## About this task
What you return should match the entries below exactly, only without the images.

[Extracted data entries]
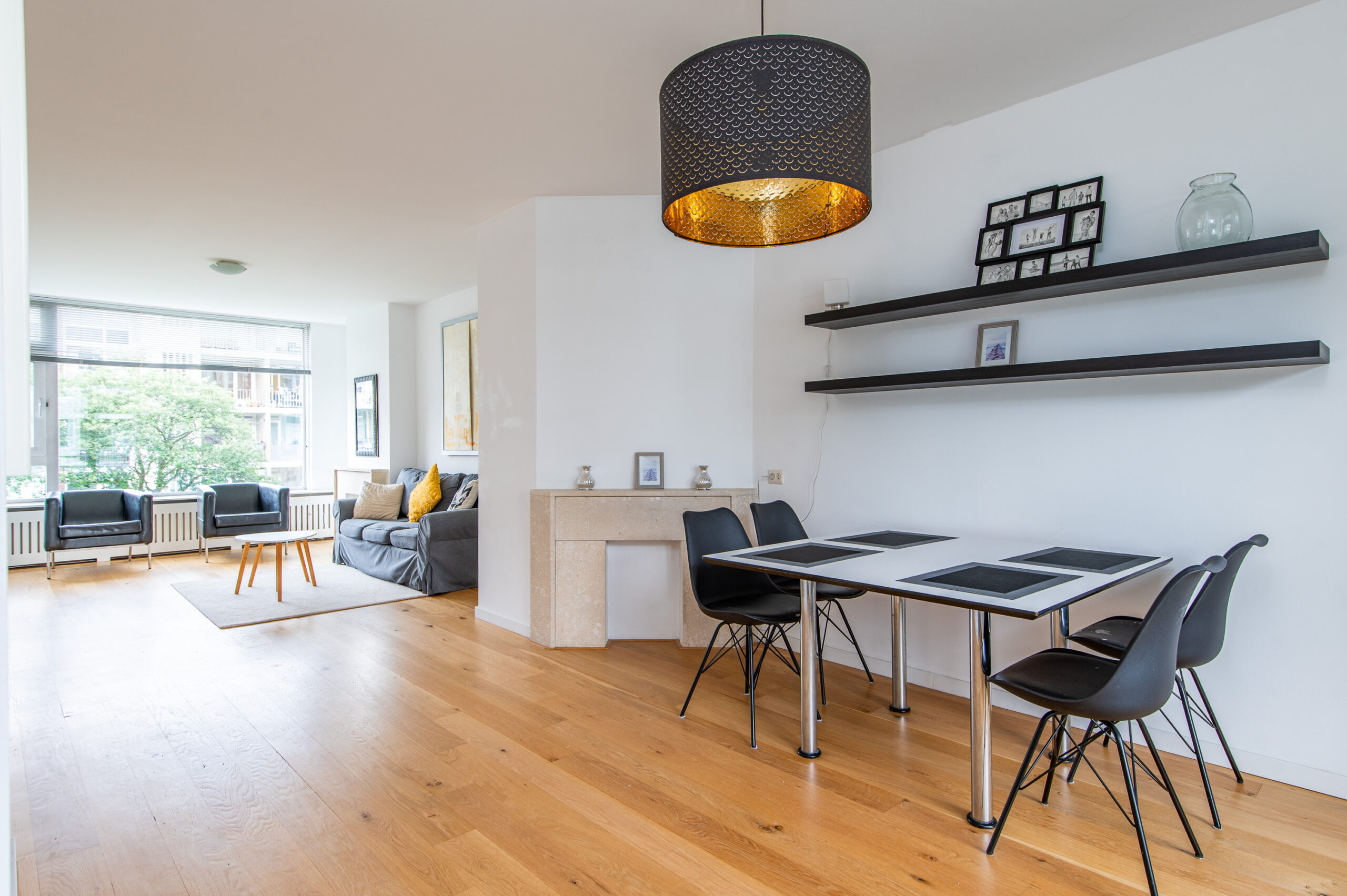 The spacious and bright living room runs from the front to the rear and measures almost 40m2. The living room offers access to the balcony at the rear and is also equipped with a practical built-in storage. The living room is equipped with electrically operated sun blinds at the front.
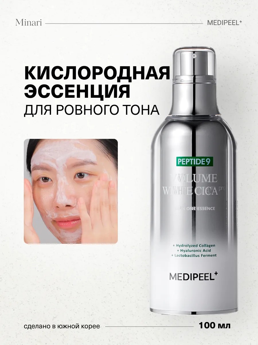 Medi-Peel Peptide 9 Volume White Cica Essence, a brightening oxygen essence with centella, soothes irritated skin, relieves itching and inflammation, and evens out overall skin tone.
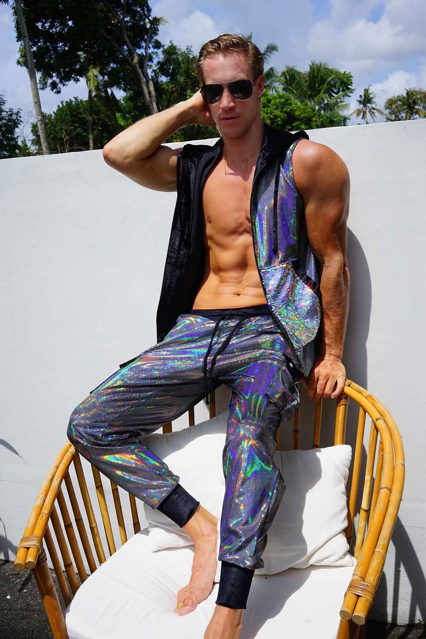 Cargo Pants Rave Pants Holographic clothing Silver pants Festival P...
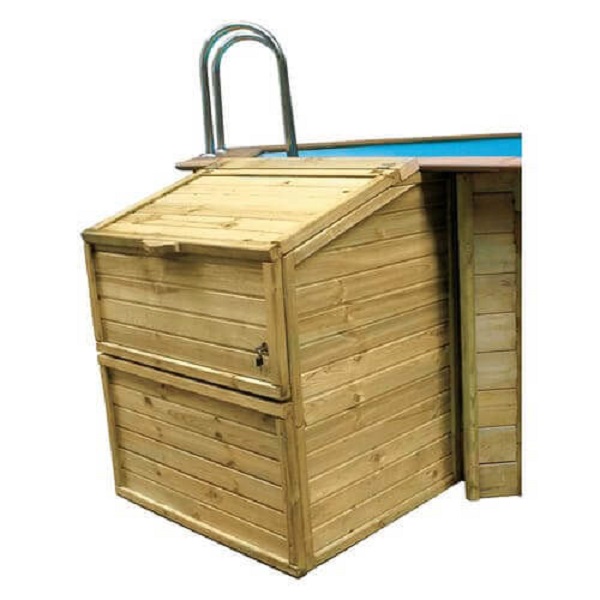 La caseta de madera de GRE para la depuradora es un cajón resistente de calidad para guardar todo el sistema de filtración y de desinfección ( clorador salino, regulador de ph, producto químico e incluso limpia fondos ). La madera está tratada en autoclave Clase III de pino Silvestre que le confiere durabilidad y resistencia.
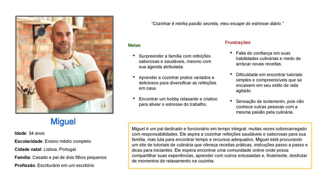 Miguel é um pai dedicado e funcionário em tempo integral, muitas vezes sobrecarregado com responsabilidades. Ele aspira a cozinhar refeições saudáveis e saborosas para sua família, mas luta para encontrar tempo e recursos adequados.
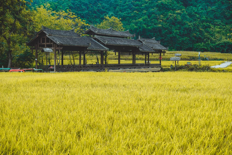 “林盡水源,便得一山,山有小口,仿佛若有光……”陶淵明筆下的意境,恰似為壩美村量身定制。乘船駛?cè)胗陌瞪衩氐娜芏?,仿若穿越時(shí)空隧道;待出洞那一刻,眼前豁然開朗:青山環(huán)伺,綠水潺潺,阡陌田園鋪展其間,清新空氣裹挾著自然靈氣撲面而來。這份“入洞幽暗、出洞開闊”的奇妙,讓久居都市的人瞬間找到身心休憩的歸處,宛如走進(jìn)千年詩意畫卷。
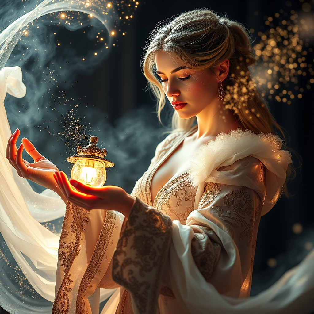 A captivating woman gracefully holding an enchanted tome with shimmering light trails cascading around her; ethereal dust twinkles in the air as she dons intricately designed robes of fantasy. The scene is rendered in exquisite detail, with cinematic lighting casting a magical glow that highlights the surreal beauty of the moment. The image is rendered in ultra-high definition, capturing every nuance and texture in sharp focus, creating a mesmerizing fantastical visual experience.
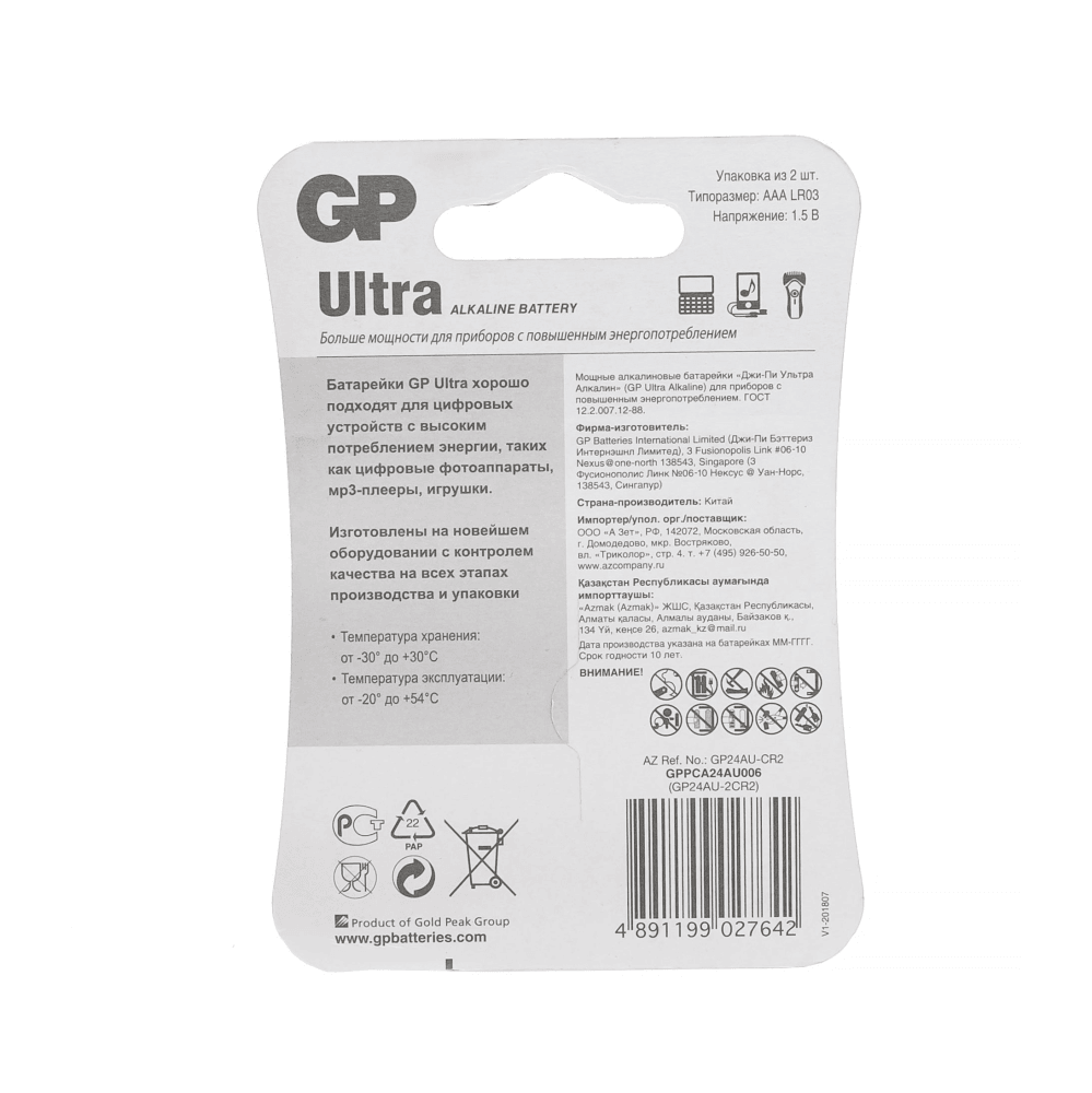 GPBI Батарейка GP Ultra Alkaline 24AU-CR2, типоразмер ААА, 2 шт
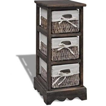 VidaXL Struttura in legno con 3 ceste tessute marroni
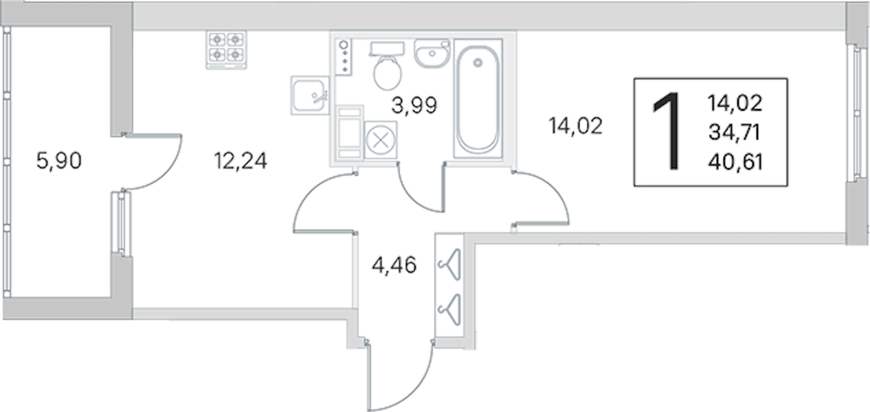 - Площадь кухни12,24 м2
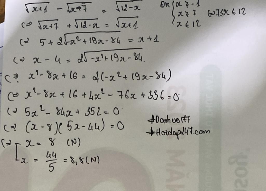 Đk: `x >= 7; x <= 12`

## Reply to the task
 The spacious and bright living room runs from the front to the rear and measures almost 40m2. The living room offers access to the balcony at the rear and is also equipped with a practical built-in storage. The living room is equipped with electrically operated sun blinds at the front.
 Medi-Peel Peptide 9 Volume White Cica Essence, a brightening oxygen essence with centella, soothes irritated skin, relieves itching and inflammation, and evens out overall skin tone.
 Cargo Pants Rave Pants Holographic clothing Silver pants Festival P...
 La caseta de madera de GRE para la depuradora es un cajón resistente de calidad para guardar todo el sistema de filtración y de desinfección ( clorador salino, regulador de ph, producto químico e incluso limpia fondos ). La madera está tratada en autoclave Clase III de pino Silvestre que le confiere durabilidad y resistencia.
 Miguel é um pai dedicado e funcionário em tempo integral, muitas vezes sobrecarregado com responsabilidades. Ele aspira a cozinhar refeições saudáveis e saborosas para sua família, mas luta para encontrar tempo e recursos adequados.
 “林盡水源,便得一山,山有小口,仿佛若有光……”陶淵明筆下的意境,恰似為壩美村量身定制。乘船駛?cè)胗陌瞪衩氐娜芏?,仿若穿越時(shí)空隧道;待出洞那一刻,眼前豁然開朗:青山環(huán)伺,綠水潺潺,阡陌田園鋪展其間,清新空氣裹挾著自然靈氣撲面而來。這份“入洞幽暗、出洞開闊”的奇妙,讓久居都市的人瞬間找到身心休憩的歸處,宛如走進(jìn)千年詩意畫卷。
 A captivating woman gracefully holding an enchanted tome with shimmering light trails cascading around her; ethereal dust twinkles in the air as she dons intricately designed robes of fantasy. The scene is rendered in exquisite detail, with cinematic lighting casting a magical glow that highlights the surreal beauty of the moment. The image is rendered in ultra-high definition, capturing every nuance and texture in sharp focus, creating a mesmerizing fantastical visual experience.
 GPBI Батарейка GP Ultra Alkaline 24AU-CR2, типоразмер ААА, 2 шт
 VidaXL Struttura in legno con 3 ceste tessute marroni
 - Площадь кухни12,24 м2
 Đk: `x >= 7; x <= 12`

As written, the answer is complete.